# GA Arms Ammo



## SCDieselDawg (Dec 21, 2015)

Anybody hunt with their ammo? I bought some for my .454, .44 and .41 magnums.  Looked like good quality stuff. Haven't had the chance to shoot any yet.  Plan on sighting in my SRH with the 300 gr .454s and take care of a few hogs after the first of the year.


----------



## Bam Bam (Dec 22, 2015)

Ga. Arms "Deer Stoppers" in 44 mag 240 JHP is my main Ammo I shoot in my Taurus 8 3/8 inch Revolver and my Marlin 1894, I've Popped a Deer and a Hog or two with them! No Complaints with their Ammo, I've got and used their 308 win, 44 mag & 9mm ammo!


----------



## gregj (Dec 22, 2015)

I've  used several of their calibers  mostly for target shooting.  Never had any failures to fire  or feed.  Fairly
accurate  too.


----------



## SCDieselDawg (Dec 22, 2015)

I hope they preform good.

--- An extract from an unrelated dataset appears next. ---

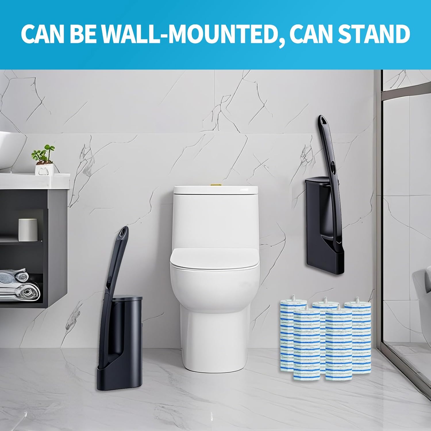 Disposable Toilet Brush with 50 Wand Cleaner Refills Pads,Wall Mounted Toilet Bowl Holder Set,Toilet Cleaning System Starter Kit,Bathroom Cleaning System for Sink Bathtub Wash Basin

You can't find .44 or .41 ammo for that cheap anywhere else. I was contemplating selling my .41 due to the lack of ammo availability.  But if these deer stoppers shout well I'll keep it.


----------



## Buster (Dec 22, 2015)

I have used their rifle ammo with very good results


----------



## EuroTech (Oct 31, 2017)

We have used it for years with no problem,My best friend that I have hunted with forever shot a buck at over 400 yards with there ammo in his 308 more that once! As good as any and better than most.


----------



## NCHillbilly (Oct 31, 2017)

Haven't tried the handgun rounds, but I bought a bunch of .223 from them that was fine ammo.


----------



## WayneB (Oct 31, 2017)

I've had good experience with all the ammo I've purchased from them.

They did call about a week after I picked up a large order to inform me of a recall on some I'd purchased. Had replacements in 3 days, and sent them back casings of the 'recalled' stuff after I QC'd it.  (Their suggestion) Not a single FTF or misfire.


----------



## scott stokes (Nov 1, 2017)

I have heard nothing but good things about there ammo


----------



## ThatredneckguyJamie (Nov 2, 2017)

bought a bunch of 357 mag from a gun show a few years back, shot well and great price


----------



## au7126 (Nov 2, 2017)

45 ACP and 270 Winchester both do well for me.


----------



## rosewood (Nov 4, 2017)

Good stuff.  It was all I used u til I started rolling my own.  Cheaper a than name brand ammo to boot.


----------



## AliBubba (Nov 5, 2017)

I have busted couple of deer and hogs with GA Arms "Deer Stopper" .44 mag 300 gr SRH. No complaints.


----------